In the copy, include no images, and repeat each entry precisely as written.

* * * * *

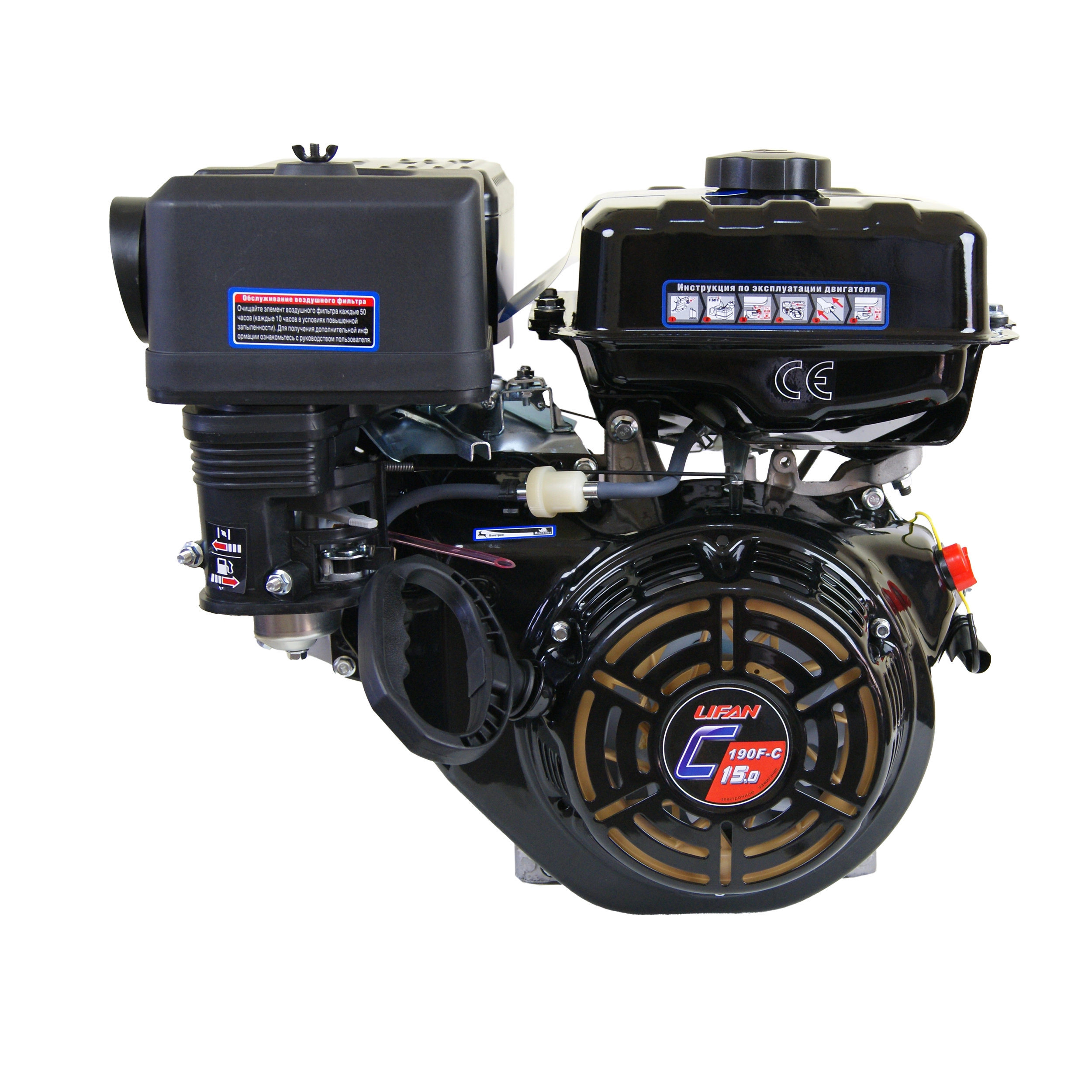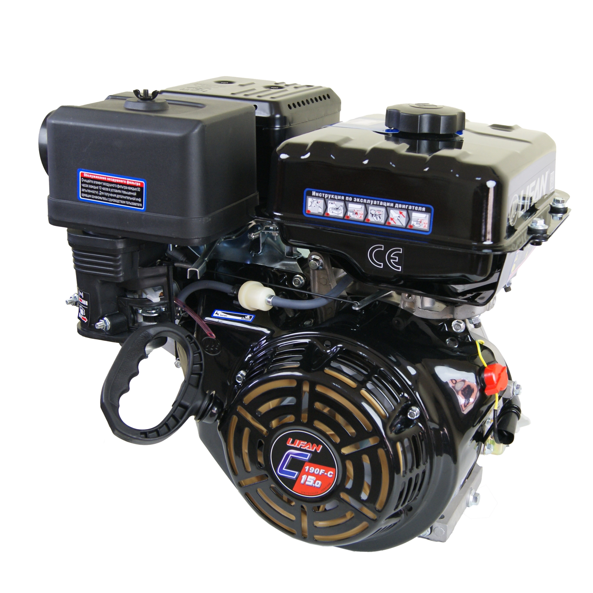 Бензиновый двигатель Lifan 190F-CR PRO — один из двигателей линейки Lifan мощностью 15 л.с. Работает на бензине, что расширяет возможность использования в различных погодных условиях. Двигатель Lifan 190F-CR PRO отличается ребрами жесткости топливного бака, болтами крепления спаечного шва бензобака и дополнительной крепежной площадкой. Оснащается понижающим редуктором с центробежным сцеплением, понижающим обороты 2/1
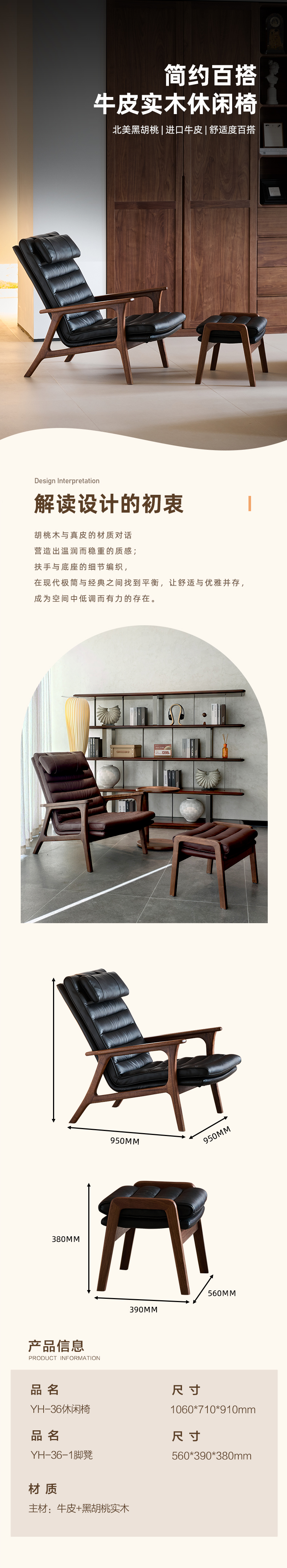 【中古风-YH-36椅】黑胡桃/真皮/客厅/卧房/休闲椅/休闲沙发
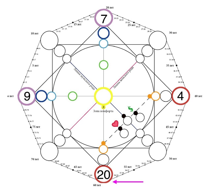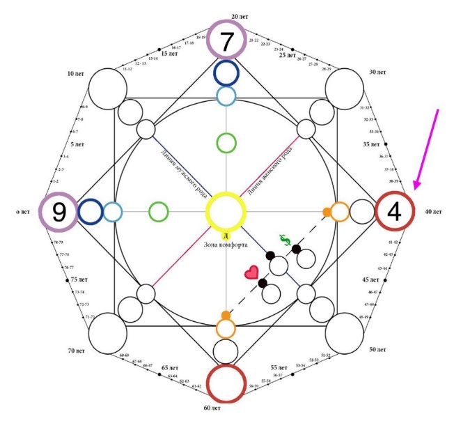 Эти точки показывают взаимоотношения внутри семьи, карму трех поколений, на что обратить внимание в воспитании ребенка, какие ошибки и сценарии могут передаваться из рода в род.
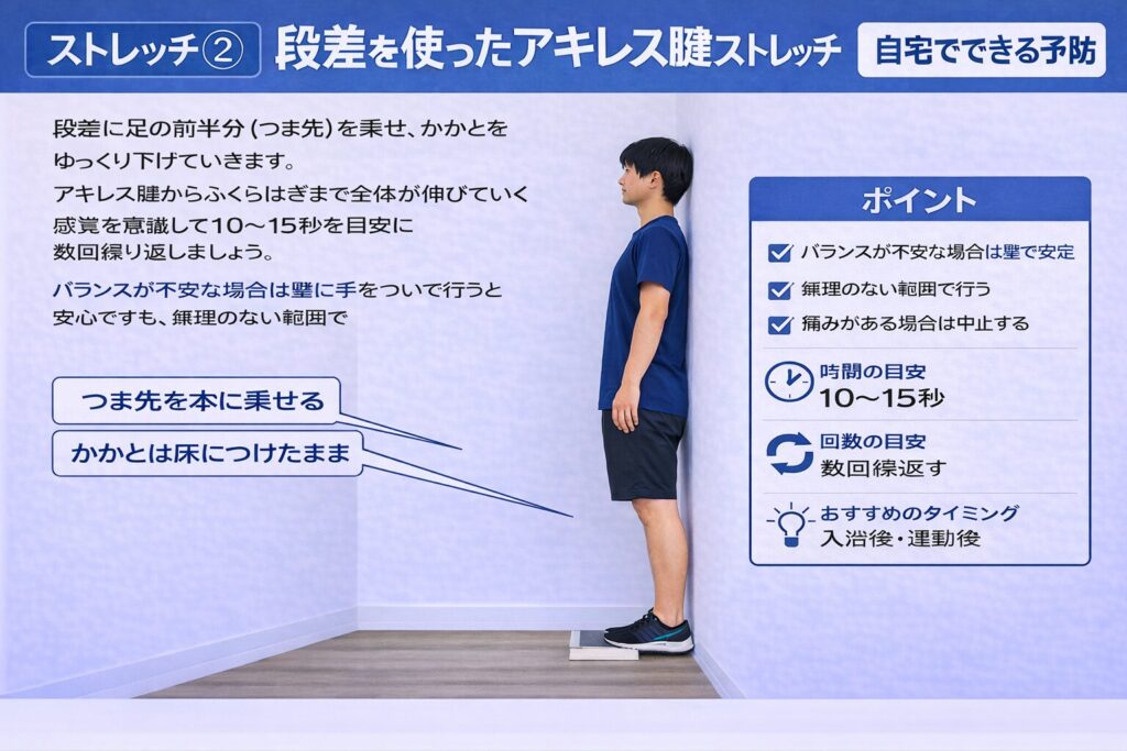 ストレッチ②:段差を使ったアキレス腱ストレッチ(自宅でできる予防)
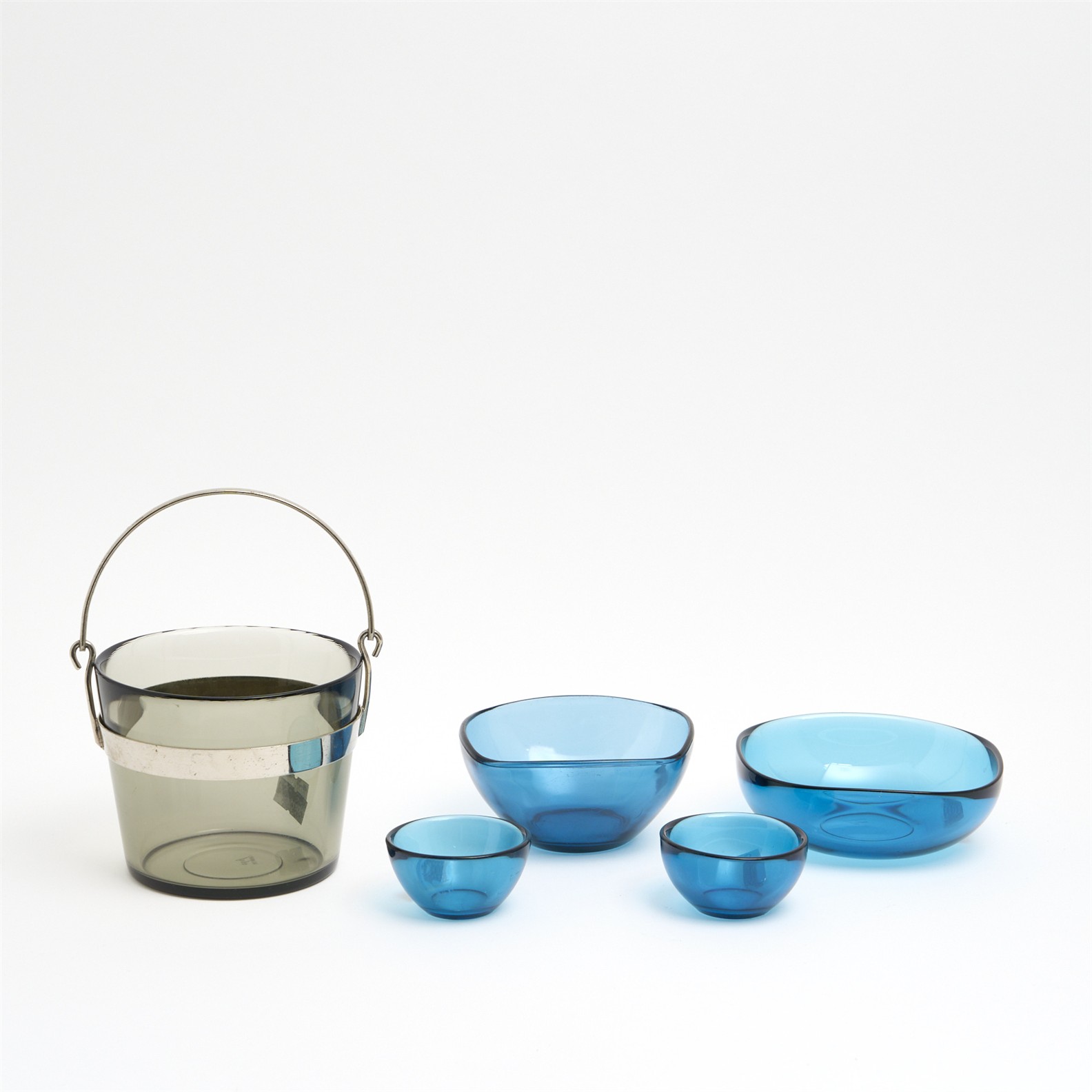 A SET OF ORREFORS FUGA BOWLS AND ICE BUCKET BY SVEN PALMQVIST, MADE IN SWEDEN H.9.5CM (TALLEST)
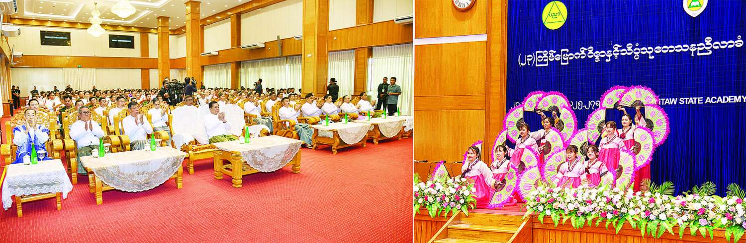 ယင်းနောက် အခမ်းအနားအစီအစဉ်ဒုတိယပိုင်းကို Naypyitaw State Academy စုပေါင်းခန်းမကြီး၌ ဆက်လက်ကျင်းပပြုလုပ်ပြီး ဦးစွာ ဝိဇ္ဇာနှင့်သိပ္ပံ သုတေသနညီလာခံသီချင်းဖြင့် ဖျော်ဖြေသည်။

* * * * *

▶ **Reply to the exercise**:
 Бензиновый двигатель Lifan 190F-CR PRO — один из двигателей линейки Lifan мощностью 15 л.с. Работает на бензине, что расширяет возможность использования в различных погодных условиях. Двигатель Lifan 190F-CR PRO отличается ребрами жесткости топливного бака, болтами крепления спаечного шва бензобака и дополнительной крепежной площадкой. Оснащается понижающим редуктором с центробежным сцеплением, понижающим обороты 2/1
 【中古风-YH-36椅】黑胡桃/真皮/客厅/卧房/休闲椅/休闲沙发
 Эти точки показывают взаимоотношения внутри семьи, карму трех поколений, на что обратить внимание в воспитании ребенка, какие ошибки и сценарии могут передаваться из рода в род.
 ストレッチ②:段差を使ったアキレス腱ストレッチ(自宅でできる予防)
 A SET OF ORREFORS FUGA BOWLS AND ICE BUCKET BY SVEN PALMQVIST, MADE IN SWEDEN H.9.5CM (TALLEST)
 ယင်းနောက် အခမ်းအနားအစီအစဉ်ဒုတိယပိုင်းကို Naypyitaw State Academy စုပေါင်းခန်းမကြီး၌ ဆက်လက်ကျင်းပပြုလုပ်ပြီး ဦးစွာ ဝိဇ္ဇာနှင့်သိပ္ပံ သုတေသနညီလာခံသီချင်းဖြင့် ဖျော်ဖြေသည်။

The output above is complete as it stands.